🤖 AI Summary
Existing protein language models (pLMs) lack explicit modeling of three-dimensional structural knowledge, limiting their performance on structure-related tasks. To address this, we propose a dual-task structural alignment framework: (1) latent-space contrastive learning to align residue-level representations across proteins, and (2) a physics-informed structural token prediction task that jointly leverages intra- and inter-protein structural information. We further introduce a small-model-guided adaptive residue loss filtering mechanism to significantly enhance robustness against noisy structural inputs, and integrate graph neural network–language model joint distillation. Evaluated on ESM2 and AMPLIFY baselines, our method improves contact prediction accuracy by 12.7%. We publicly release the optimized models—SaESM2 and SaAMPLIFY—along with all training and inference code.
📝 Abstract
Protein language models (pLMs) pre-trained on vast protein sequence databases excel at various downstream tasks but lack the structural knowledge essential for many biological applications.

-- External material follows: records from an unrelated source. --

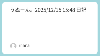 日記うぬーん。2025/12/15 15:48 日記 どうも。今日は割と元気です。このままいけたらいいな、なルナナです。今日あったこと。彼氏が妙なもの思い出したらしい。そいでメンタル面が良くないので朝から付き合っていた。作業(彼氏のメンタル保全)となってしまったのは不本意ではある……がまぁわり... 2025.12.15日記精神整理記録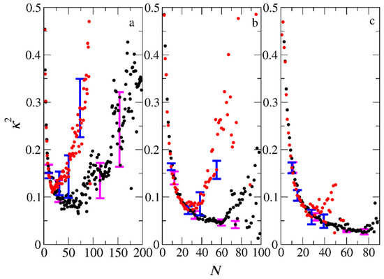 The mean shape anisotropy parameter κ2 of micelles formed by the PIESA (black circles) and by the two-step method (red circles) from mixtures (a) A26B20 + C20, (b) A51B20 + C20, and (c) A101B20 + C20 as a function of the aggregation number N. Error bars represent standard deviation.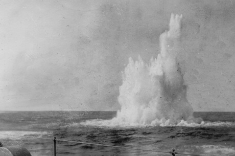Depth charge dropped by the USS Davenport on a suspected German submarine; date: 19 April 1945; location: about 250 miles ESE of New York City (photo courtesy of Don F. Roban)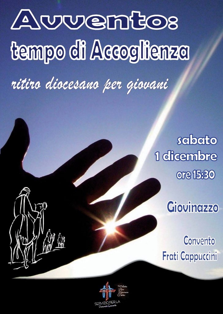 Sabato 1 dicembre, alle ore 15,30 presso il Convento dei Cappuccini a Giovinazzo, tutti i giovani sono invitati per il ritiro spirituale sul tema “Avvento, tempo di Accoglienza”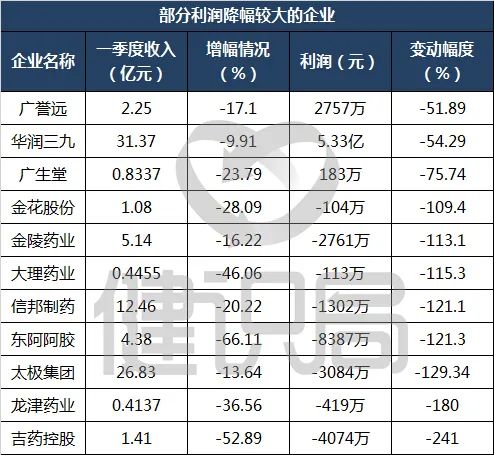 从上述数据可以看到,尽管利润排名较高,但是如华润三九、云南白药、天士力等企业的利润不升反降,其中华润三九的降幅达到了54%以上。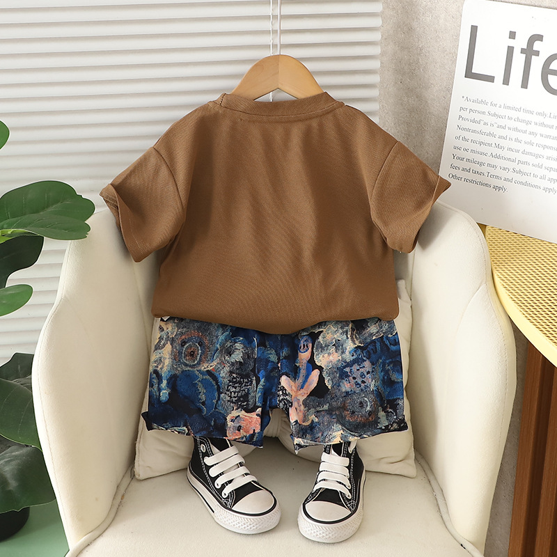 어린이 만화 토끼 반팔 투피스 세트 2025 여름 새 소년과 소녀 아기 옷 어린이 캐주얼 여름 세트스토어 가기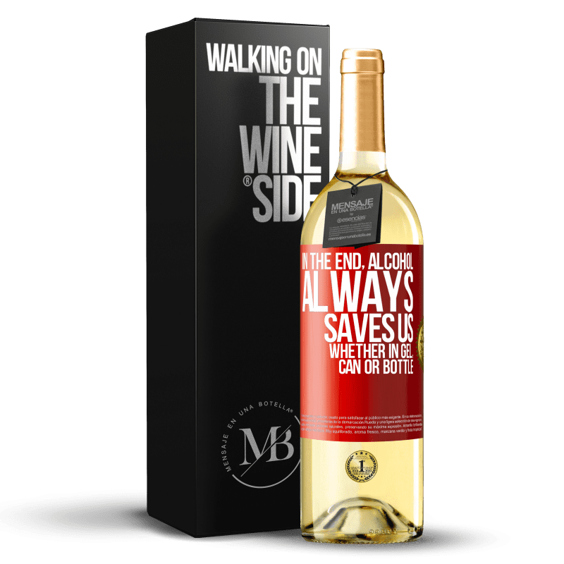 瓶子里的消息. 带有个性化标签的酒瓶. 信息: "最后,无论是凝胶,罐装还是瓶装,酒精总是可以拯救我们". 红色标签. 可自定义的标签. |
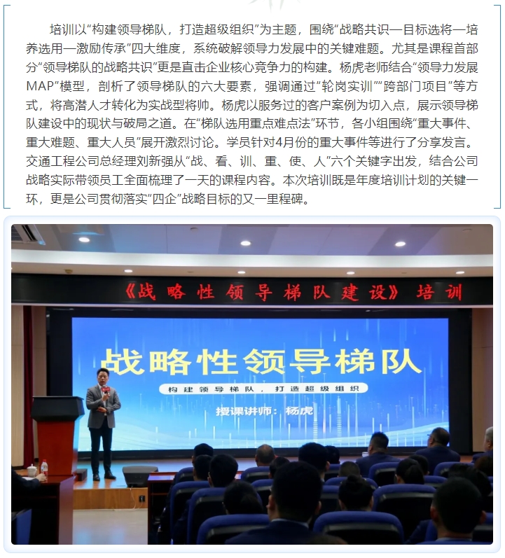 交通工程公司舉辦戰(zhàn)略性領(lǐng)導(dǎo)梯隊(duì)建設(shè)專題培訓(xùn)

To address this, we integrate structural insights from pre-trained protein graph neural networks (pGNNs) into pLMs through a latent-level contrastive learning task. This task aligns residue representations from pLMs with those from pGNNs across multiple proteins, enriching pLMs with inter-protein structural knowledge. Additionally, we incorporate a physical-level task that infuses intra-protein structural knowledge by optimizing pLMs to predict structural tokens. The proposed dual-task framework effectively incorporates both inter-protein and intra-protein structural knowledge into pLMs. Given the variability in the quality of protein structures in PDB, we further introduce a residue loss selection module, which uses a small model trained on high-quality structures to select reliable yet challenging residue losses for the pLM to learn. Applying our structure alignment method to the state-of-the-art ESM2 and AMPLIFY results in notable performance gains across a wide range of tasks, including a 12.7% increase in ESM2 contact prediction. The data, code, and resulting SaESM2 and SaAMPLIFY models will be released on Hugging Face.